If the array were created using a cython array first, and then casting it to numpy array, one could use the callback_free_data function like described here and here. However, in this case it is not possible to reach the pointers of my_array
and it is not possible to set the callback.
Any idea on why this kind of declaration could cause a memory leak and/or how to force the deallocation?
Update:
My question was very generic, and I wanted to avoid posting the code because it is a bit intricate, but since someone asked here we go:
cdef dijkstra(Graph G, int start_idx, int end_idx):
# Some code
cdef np.ndarray[object, ndim=1] fiboheap_nodes = np.empty([G.num_nodes], dtype=object) # holds all of our FiboHeap Nodes Pointers
Q = FiboHeap()
fiboheap_nodes[start_idx] = Q.insert(0, start_idx)
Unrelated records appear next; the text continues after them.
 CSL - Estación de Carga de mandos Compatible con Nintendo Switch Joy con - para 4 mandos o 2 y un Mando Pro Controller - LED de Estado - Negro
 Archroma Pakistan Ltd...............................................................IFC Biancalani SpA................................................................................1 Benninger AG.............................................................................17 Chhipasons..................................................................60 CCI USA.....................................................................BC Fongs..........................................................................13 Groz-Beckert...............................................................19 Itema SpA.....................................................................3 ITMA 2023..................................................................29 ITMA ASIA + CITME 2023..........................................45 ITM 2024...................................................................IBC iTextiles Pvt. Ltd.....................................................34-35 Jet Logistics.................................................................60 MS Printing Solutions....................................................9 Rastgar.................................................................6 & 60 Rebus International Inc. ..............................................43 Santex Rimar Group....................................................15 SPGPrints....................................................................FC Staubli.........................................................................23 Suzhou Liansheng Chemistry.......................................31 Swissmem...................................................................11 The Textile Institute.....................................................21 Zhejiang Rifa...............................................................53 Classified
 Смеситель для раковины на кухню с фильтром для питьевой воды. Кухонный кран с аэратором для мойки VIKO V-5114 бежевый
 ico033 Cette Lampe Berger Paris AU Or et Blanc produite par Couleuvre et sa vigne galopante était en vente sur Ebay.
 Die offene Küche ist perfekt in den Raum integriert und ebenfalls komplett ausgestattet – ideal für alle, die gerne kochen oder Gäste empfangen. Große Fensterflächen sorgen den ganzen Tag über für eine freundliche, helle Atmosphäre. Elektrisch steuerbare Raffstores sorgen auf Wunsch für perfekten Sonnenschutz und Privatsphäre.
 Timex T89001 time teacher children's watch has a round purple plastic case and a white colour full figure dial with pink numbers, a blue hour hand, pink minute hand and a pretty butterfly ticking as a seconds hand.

# Some other code where it could perform operations like:
# Q.decrease_key(fiboheap_nodes[w], vw_distance)
# End of operations
# do we need to cleanup the fiboheap_nodes array here?
return
The FiboHeap
is a Cython wrapper for the c implementation. For example, the insert function looks like this:
cimport cfiboheap
from cpython.pycapsule cimport PyCapsule_New, PyCapsule_GetPointer
from python_ref cimport Py_INCREF, Py_DECREF
cdef inline object convert_fibheap_el_to_pycapsule(cfiboheap.fibheap_el* element):
return PyCapsule_New(element, NULL, NULL)
cdef class FiboHeap:
def __cinit__(FiboHeap self):
self.treeptr = cfiboheap.fh_makekeyheap()
if self.treeptr is NULL:
raise MemoryError()
def __dealloc__(FiboHeap self):
if self.treeptr is not NULL:
cfiboheap.fh_deleteheap(self.treeptr)
cpdef object insert(FiboHeap self, double key, object data=None):
Py_INCREF(data)
cdef cfiboheap.fibheap_el* retValue = cfiboheap.fh_insertkey(self.treeptr, key, <void*>data)
if retValue is NULL:
raise MemoryError()
return convert_fibheap_el_to_pycapsule(retValue)
The __dealloc__()
function works as it is supposed to, so the FiboHeap is released from the memory at the end of the function dijkstra(...)
. My guess is that something is going wrong with the pointers contained in fiboheap_nodes.
Any guess?